Unter dem Namen Teebaumgewächse werden verschieden Melaleuca Öle wie Cajeput oder Niaouli zusammengefasst, die ähnliche Eigenschaften haben.
 

Teebaum und die Wissenschaft

Seitens der australischen Regierung wurden umfangreiche wissenschaftliche universitäre Studien in Auftrag gegeben, sodass heute das Teebaum Öl zu den bestuntersuchten Aromaölen gehört. Bereits 1920 wurde erstmals von Penfolds ein Bericht über die medizinischen Eigenschaften verfasst. Im zweiten Weltkrieg war Teebaumöl Bestandteil der miltärischen Ausrüstung Australischer Soldaten.
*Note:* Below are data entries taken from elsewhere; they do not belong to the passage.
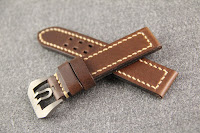 Bespoke watch strap of calf leather for U-BOAT U42 watch. The top strap is made of Buttero calf leather. Leather produced at the Conceria Walpier - Tuscany, Italy. Lining strap of calf leather. Strap hand stitched.
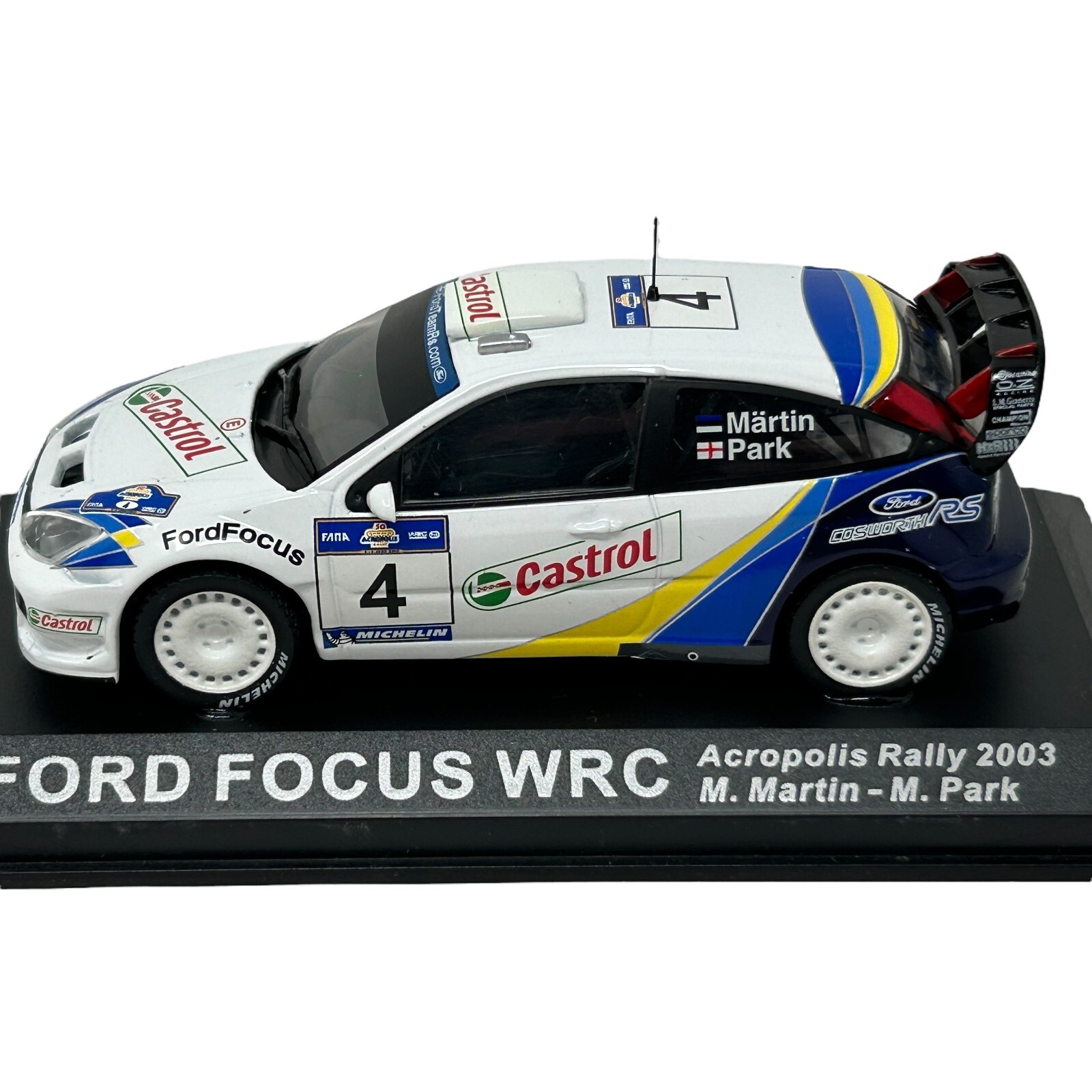 Ford Focus RS WRC Acropolis Rally 2003 Markko Martin Michael Park Diecast Race Car Motorsports Auto Racing World Rally Championship 1/43 Altaya White Condition: Case has a chip, tires are sticky, and they have somehow melted dents into the platform. No other flaws noticed. See photos.
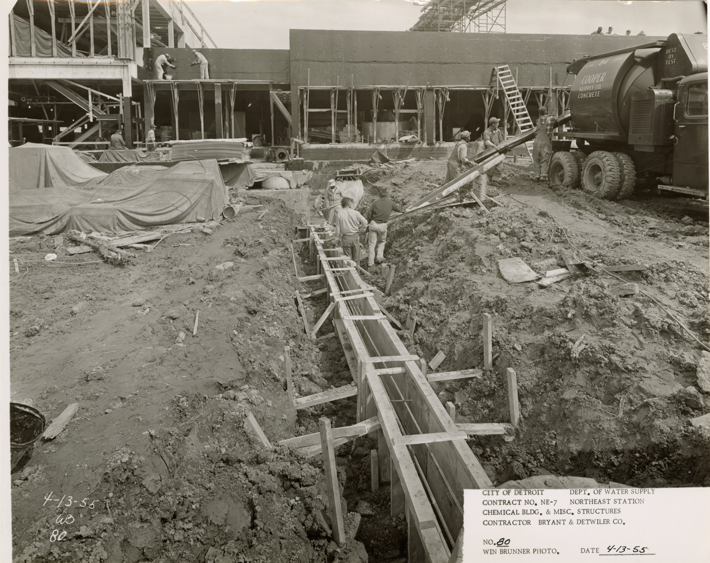 View of workers pouring concrete for pipe support beam, Chemical Building during construction, Northeast Station, Detroit water supply system. Printed on front: "City of Detroit. Department of Water Supply. Contract no. NE-7. Northeast Station. Chemical Bldg. & misc. structures. Contractor Bryant & Detwiler Co. No. 80. Win Brunner photo. Date: 4-13-55." Stamped on back: "Win Brunner, photographer. 2210 Park Avenue. Detroit 1, Mich. WO. 2-5500." Typed on back: "No. 80. Pouring pipe support beam from office building to M.H. D-4."
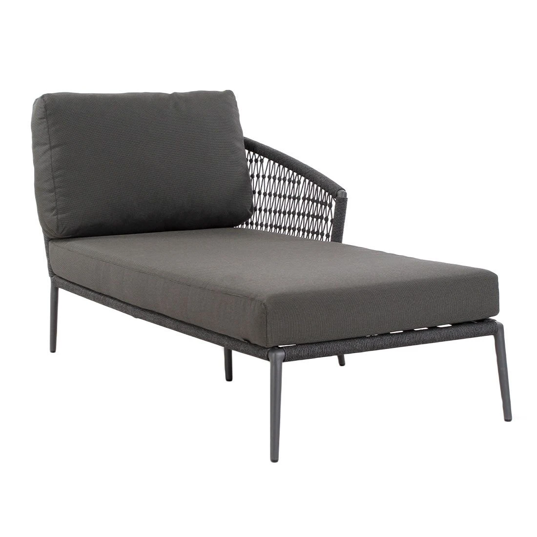Damit das Daybed optisch ansprechend ist, sind der Korpus, die Sitzfläche und der Bezug im Farbton Grau gehalten. Das Gestell besteht aus Aluminium. Optisch begeistert das Gestell in der Farbe Anthrazit. Hochwertiges Rope umgibt das robuste Gestell und verleiht dem Daybed damit einen ganz besonderen Look. Die Sitzfläche ist angenehm gepolstert.
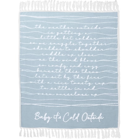 50 long x 60 tall and .5 wide premium throw is made from 400 GSM 100% polyester plush jacquard with thirty-one hand-made knotted tassels at both the top and bottom of each blanket which extends the height of the blanket to 72.5 in total. The excellent packaging consists of a silk white bow-tied ribbon with a gray cardboard band containing material and sizing information. Attached is a thick paper tag with the entire blanket sentiment. The blanket is neatly folded and securely attached to white wood and a silver metal hook hanger. Risen cursive sherpa The Weather Outside Is Getting A Little Bit Colder So We Snuggle Together Shoulder To Shoulder. Cuddle Up Close As The Wind Blows So Comfy And Cozy Beneath This Throw. Let s Sit By The Fire With A Nice Toasty Cup To Settle In And Warm Ourselves Up. Baby It s Cold Outside sentiment is conveyed by wave-like thread lines connecting the ends of the words to the edge of the blanket on beautiful soft blue background. Machine wash cold on a gentle cycle with like colors. For best results hang or lay flat to dry. It can be tumble-dried on a low setting for 20 minutes. Never bleach or iron.

Antibakterielle Eigenschaften

Seit fast 80 Jahren sind die herausragenden antibakteriellen Eigenschaften des Teebaums bekannt. In Konzentration von 1% und weit darunter wirkt Teebaumöl antibakteriell, wobei die Aktivitäten gegen Antibiotika resistenten Keimen besonderes Interesse hervorrief.
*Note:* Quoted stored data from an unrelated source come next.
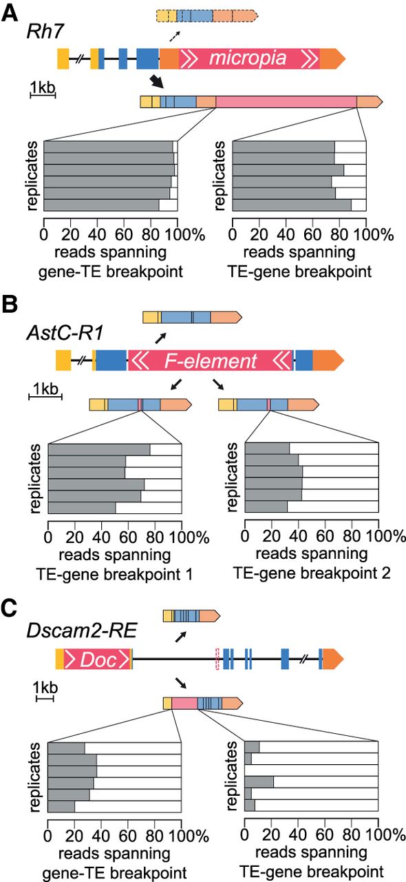 High penetrance of transposon-containing splice isoforms. (A) Schematic showing Rhodopsin 7 locus harboring a sense micropia in the 3′ UTR and two splice isoforms. Gray bars show percentage of reads spanning the gene-TE (left) and TE-gene (right) breakpoint in each of the six tested replicates. (B) The AstC-R1 gene harbors an antisense F-element immediately upstream of the second exon that introduces cryptic splice sites. Three spliced isoforms are shown. (C) Dscam2 harbors a sense Doc in its 5′ UTR (in addition to a blood insertion in its first intron) (Supplemental Fig. S6). For ease of visualization, only the shortest Dscam2 isoform, RE, is depicted. The blood insertion is indicated with a dashed box. See Supplemental Table S5 for complete list.
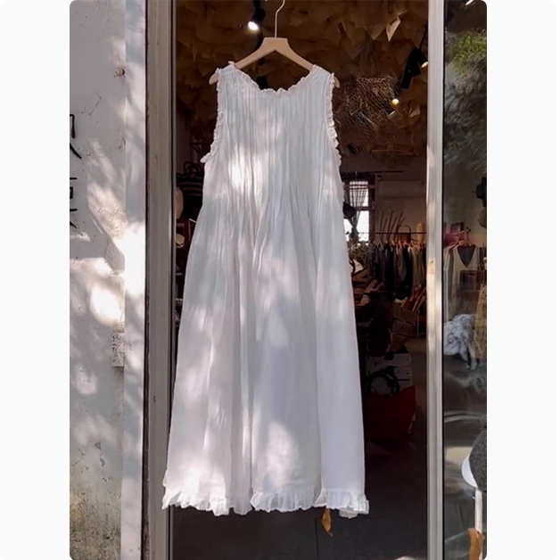 牛X货 巨炸裂!别致亚麻长裙气质木耳边高级感棉麻背心连衣裙女春
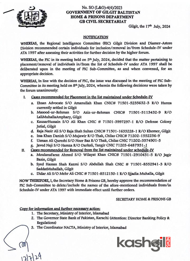 عوامی ایکشن کمیٹی گلگت بلتستان کے چیئرمین احسان علی ایڈوکیٹ، سمیت اعلیٰ قیادت کا نام شیڈول فور میں شامل کیا گیا۔

Antimykotische Eigenschaften

In Konzentrationen von 0,12 bis 2% war Teebaum Ölgegen die meisten Pilze erfolgreich, lediglich beim Schwarzschimmel war eine Konzentration von 8% notwendig, um ihn zu bekämpfen. Wegen seiner milden Wirkung auf der Haut wird er vielfach gegen Candida im Genitalbereich eingesetzt. Versuche mit Fußpilz (Satchell et al. (2002)) zeigten, dass eine 25%igen Beigabe von Teebaumöl bei 70% der Patienten mit Fußpilz eine deutliche Besserung bewirkte.

Antivirale Eigenschaften

Eine Studie von Garozzo et al.(2010) zeigt auf, dass Teebaum Öl bereits in sehr geringer Konzentration die Vermehrung von Influenza A Viren unterdrückt. Li et al. (2013) bestätigt, dass Teebaumöl eine signifikante Wirkung gegen Grippe Viren hat.

Zahnpflege

In einer klinische Studie (Groppo et al.(2002) wurde festgestellt, dass 0,2% Teebaumöl im Mundwasser, einmal täglich über 7 Tage verwendet, Bakterien im Mund deutlich verringerte. Dies hielt 14 Tage nach Absetzen der Behandlung an. Zahnfleischentzündungen gingen zurück.  Kulik et al.(2000) zeigten in einer Studie auf, dass eine 2%ige Teebaumlösung in der Lage war, 10 untersuchte Keime in ihren Wachstum zu hemmen, wobei 9 Keime auch abgetötet wurden.

 
Desinfizierende Eigenschaften

Speziell in Krankenhäusern wurde die Verwendung von Teebaumöl bei der Infektion der Hände untersucht. Messager et al.(2005) zeigte, dass ein Produkt mit 5% Teebaumöl und 10% Alkohol deutlich bessere Wirkung zeigte als Seife.


Schuppenbildung


Die Anwendung eines Shampoos mit 5% Teebaumöl, täglich über 4 Wochen, reduzierte Schuppen deutlich. (Satchell et al. (2002))
 
Die innerliche Anwendung ist für Schwangere, Säuglinge und Kleinkinder nicht geeignet.

Das Fläschchen immer gut verschlossen halten, das Öl ist leicht oxidierbar und kann dann, speziell wenn es älter ist und längere Zeit offen steht zu Hautreizungen führen, während frisches oder gut gelagertes Ätherisches Öl sehr hautverträglich ist.